FIG. 1 shows configurations of the lower endless belt 12 and each pulley 14 in a state
where the upper endless belt 13 and the pulleys 15 on and between which the upper
endless belt 13 is extended are dismounted from the sheet transport mechanism 10.
[0029] Next, a configuration of the first sheet shifting mechanism 20 will be described
in detail with reference to FIG. 1 to FIG. 3. The first sheet shifting mechanism 20
shifts, in the width direction, the sheet which is transported in a state of being
gripped between the paired upper and lower endless belts 12 and 13 of the sheet transport
mechanism 10. More specifically, as shown in FIG. 1 and FIG. 2, the first sheet shifting
mechanism 20 includes skew rollers 22, 24 that are skewed relative to the extending
direction (that is, the up-down direction in FIG. 1) of the transport path 2. When
the sheet that is transported in a state of being gripped between the paired upper
and lower endless belts 12 and 13 contacts with the skew rollers 22, 24, the sheet
is shifted in the width direction. As shown in FIG. 1, in the plurality of skew rollers
22 and 24, the direction in which each first skew roller 22 is skewed relative to
the extending direction of the transport path 2 and the direction in which each second
skew roller 24 is skewed relative thereto, are different from each other. As shown
in FIG. 1, the pair of left and right first skew rollers 22 are disposed so as to
be aligned along the width direction, and the pair of left and right second skew rollers
24 are disposed so as to be aligned along the width direction. The second skew rollers
24 are disposed downstream of the first skew rollers 22 in the sheet transporting
direction in the transport path 2. The first skew rollers 22 are rotated in synchronization
with each other by a driving motor 23m described below. The second skew rollers 24
are rotated in synchronization with each other by a driving motor 25m described below.

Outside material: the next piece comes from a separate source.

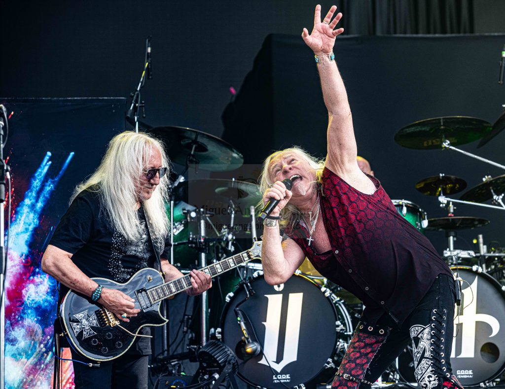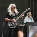 Difícil no establecer un partido de tenis visual entre mirar a un soberbio Bernie Shaw y a un feliz Mick Box que desde 1969 nos lleva dando alegrías como miembro original del grupo derrochando riffs a la par que sonrisas hacia la gente mientras el ritmo de los teclados de Lanzon, nos embaucaba con sonidos setenteros manifestados inalterables ante el tiempo.

[0030] As described below, each first skew roller 22 and each second skew roller 24 are
movable in the up-down direction in FIG. 2 independently of the skew rollers oriented
in the other directions. Specifically, each first skew roller 22 and each second skew
roller 24 are movable between a shift position (indicated by a solid line in FIG.
2) at which the roller contacts with the surface of the sheet transported along the
transport path 2, and a retracted position (indicated by an alternate long and two
short dashes line in FIG. 2) at which the roller is retracted upward from the transport
path 2 and does not contact with the surface of the sheet transported along the transport
path 2. Furthermore, a friction member such as rubber is disposed on the outer circumferential
surface of each of the skew rollers 22, 24. When each of the skew rollers 22, 24 contacts
with the surface of the sheet transported along the transport path 2, a friction force
caused between the sheet and each of the skew rollers 22, 24 is higher than a friction
force caused between the sheet and the pair of upper and lower endless belts 12 and
13. Therefore, the sheet is moved along the orientation (that is, the orientation
of the skew relative to the extending direction of the transport path 2) of the skew
rollers 22, 24 due to the friction force caused between the sheet and each of the
skew rollers 22, 24. Thus, in a case where the sheet transported along the transport
path 2 contacts with the first skew rollers 22 when the first skew rollers 22 are
each positioned at the shift position and the second skew rollers 24 are each positioned
at the retracted position, the sheet is shifted in the leftward direction in FIG.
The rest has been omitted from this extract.